İyi de her insan ölmeyecek mi?

Ya tüm gün, tüm ay, tüm mevsim, tüm yaşamı boyunca “gaflet” uykusundaysa bir insan ölünce ölmüş mü yoksa uyanmış mı olacak?

Vakti geldiğinde ölüm elbette kaçınılmaz. Ama “ölmeden önce ölmek” üzerine yapılan nasihatler kolaycılığın kol gezdiği dünyamızda hâlâ duyuluyor mu acaba ya da duyulsa da nasıl anlaşılıyor kim bilir?

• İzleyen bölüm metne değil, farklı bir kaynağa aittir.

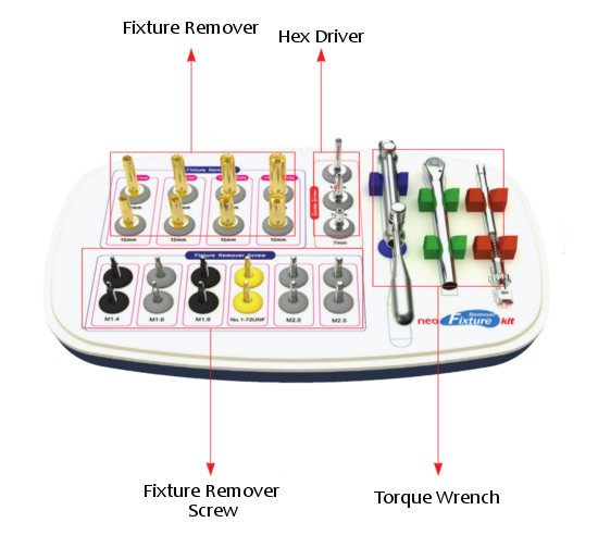 Zestaw Neo Fixture Remover służy do usuwania zintegrowanych implantów w przypadkach gdy implant wprowadzony został ze zbyt wysoką siłą dokręcania lub wystąpiła utrata wcześniej uzyskanej osseointegracji. Zestaw pozwala na wprowadzenie nowego implantu o dokładnie tej samej platformie.

Ölmekten öcü gibi korkan insanoğlu için ölmeden önce ölünüz tavsiyesi önce garip geliyor kulaklara. Ölmeyi dört gözle bekleyenler de var tabiki. Gazali der ki  “Arifler ölümü devamlı olarak hatırlarlar, çünkü ölüm onlar için sevgilisi ile buluşma zamanıdır. Seven sevgilisi ile buluşacağı günü asla hatırından çıkarmaz. Hatta bu yüzden ölümün geç gelmesine üzülür.” Benzer bir şekilde Mevlana da “Ben ölürsem sakın bana ölü demeyin. Aslında ben ölü idim dirildim, beni dost aldı götürdü” der.

Nedir ölmeden önce ölmek?

Yaşadığının farkında olmayan, yaşamanın zevkine varmayan yaşıyor mudur, ölü müdür?

“Yaşar ne yaşar ne yaşamaz” misali vücut ve kalıpta bir insan; lakin geçerli bir kimliği yok.  Bu mudur ölmeden önce ölmek?

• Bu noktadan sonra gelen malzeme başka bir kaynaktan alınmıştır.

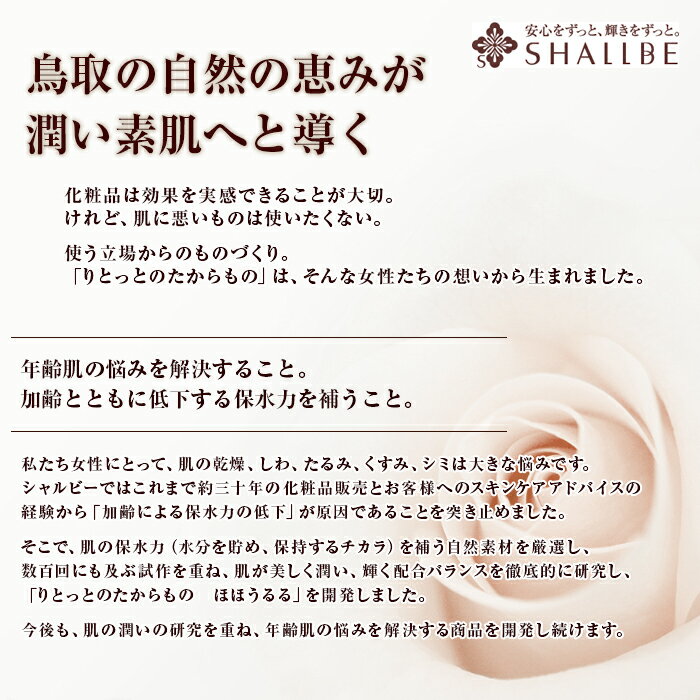 ◆りとっとのたからもの ほほうるる 「りとっと=鳥取」の自然の宝物をきゅーっと詰め込んだスキンケアシリーズです。

Rızaya ceza kesenler kendileri ölmese de kestikleri cezalarla hergün ölmekten beter ediyorlarsa sessiz biçareleri, bu mudur ölmeden önce öl(dür)mek?

Ölü olmak ne demek?

Yakın bir can’ın okuduğu kitaptaki gibi “yansıtanlar ve yaratanlar” diye iki kaba kategoriye ayırsak insanları, mesela hangisi canlı hangisi cansız?

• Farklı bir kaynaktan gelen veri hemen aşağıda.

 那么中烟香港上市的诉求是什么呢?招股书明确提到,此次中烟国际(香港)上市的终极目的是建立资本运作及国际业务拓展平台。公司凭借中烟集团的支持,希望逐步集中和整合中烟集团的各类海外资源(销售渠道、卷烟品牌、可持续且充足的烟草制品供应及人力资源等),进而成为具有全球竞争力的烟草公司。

Düşünüyorum da mevcut bir düşünceyi yansıtmakla yetinenler, ömür geçirenler için yaşam renkli, sosyal anlamda kalabalık, neşeli… Yeni bir düşünce yaratanlar ya da yaratmak için düşünenler için durum aynı mı?

Yaratıcı düşünce kendini kolay teslim eden bir varlık değil, gayret gerektiriyor; gebeliği var, doğum sancısı var. Çoğu zaman hayal kırıklığı da mevcut. Hakikati aramak gibi bir şey, bazen kısır döngülerle dolu. Bir şey bularak, söyleyerek insanlığa tesir etmek, dirimli. Bu iş zahmetli. Yaratmak için sadece düşünmek yetmiyor. Düşünüp, arayıp bulup bilmek mi yoksa arayıp, tanıyıp, bulduğunu yaşamak mı?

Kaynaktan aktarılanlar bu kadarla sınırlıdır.